Те же, которым была понятна цель рассказа, нашли, что пример взят неудачно: им были известны случаи более жестокой травли человека.

И как ни забавен был герой рассказа, он всё же многим показался сочинённым, и многие из публики находили, что было бы правдивее заменить его приказчиком, — они, видимо, находили, что торговля ближе к поэзии, чем простой мускульный труд.

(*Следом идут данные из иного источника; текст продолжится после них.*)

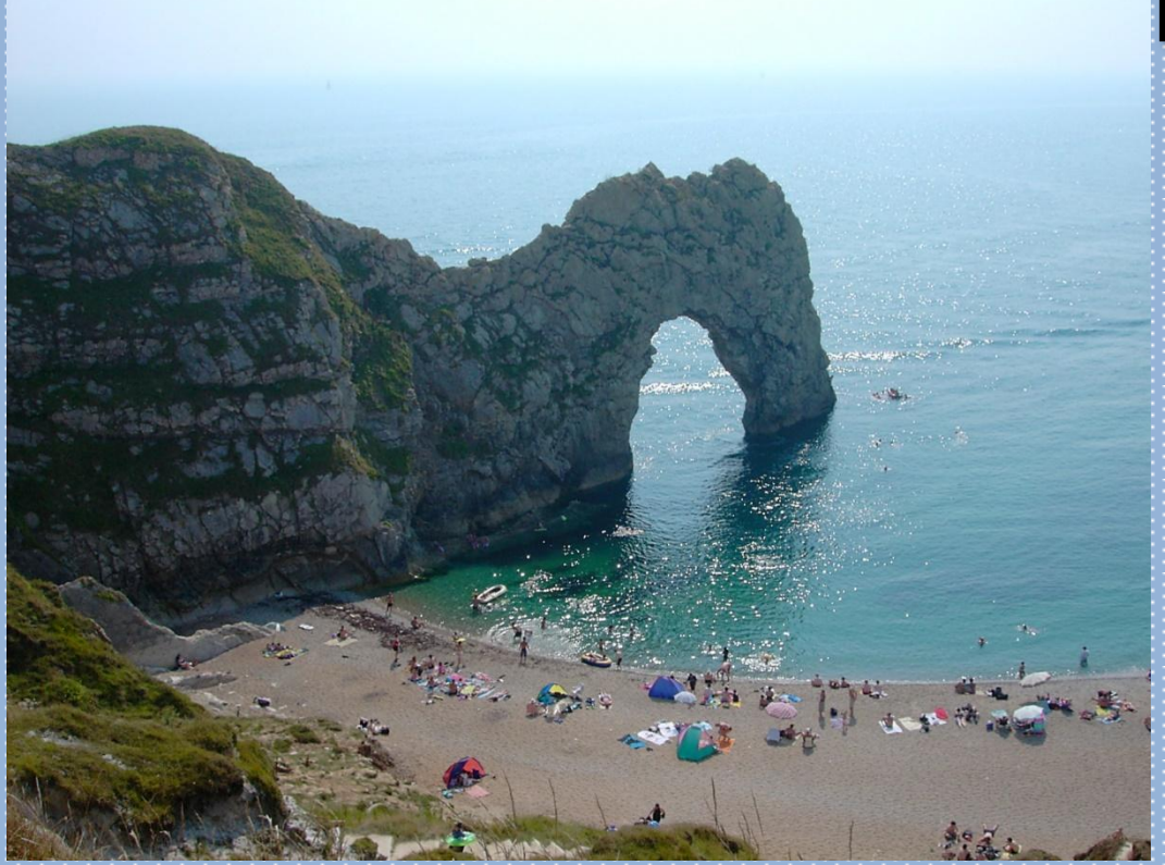
The CTC is 125 years old. To celebrate we threw a party down Dorset way.
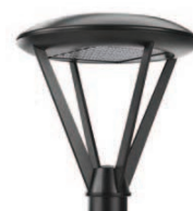
Edge Spider Mount Series
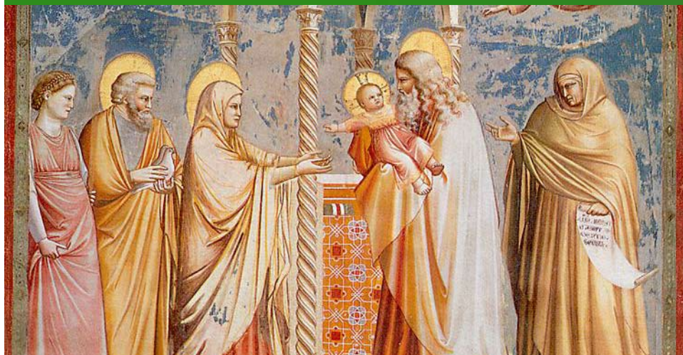
Giotto's "Presentation of the Lord," 1304

Saint Mary of the Immaculate Conception Roman Catholic Church FREDERICKSBURG, VIRGINIA

Другие замечали, что не следовало автору заставлять своего героя стреляться: по их мнению, этот род самоубийства был не типичен для дворника и в интересах художественной правды было бы лучше, если б он повесился.

Одним рассказ казался длинен, другие утверждали, что он слишком краток, большинство же, как всегда, скромно молчало, ожидая, когда составится то мнение, к которому удобнее присоединиться.

Но все рукоплескали, ибо надо же выражать одобрение забавникам!

— Молчание! — вскричал автор. — Мои слова — серьёзнее рукоплесканий, и говорю я их не для того, чтобы оставить память о себе, а для того, чтобы они вонзились в вашу память, подобно раскалённым иглам!

— Я был свидетелем неисчислимого множества ваших преступлений против человека, я видел поругание его и слышал стоны истерзанных сердец, и горечь его скорби отравила мне сердце, а память моя полна ужасов, и поэтому теперь я чувствую себя обвинителем, призванным из глубин жизни напомнить вам все ваши злые, грязные и скверные дела!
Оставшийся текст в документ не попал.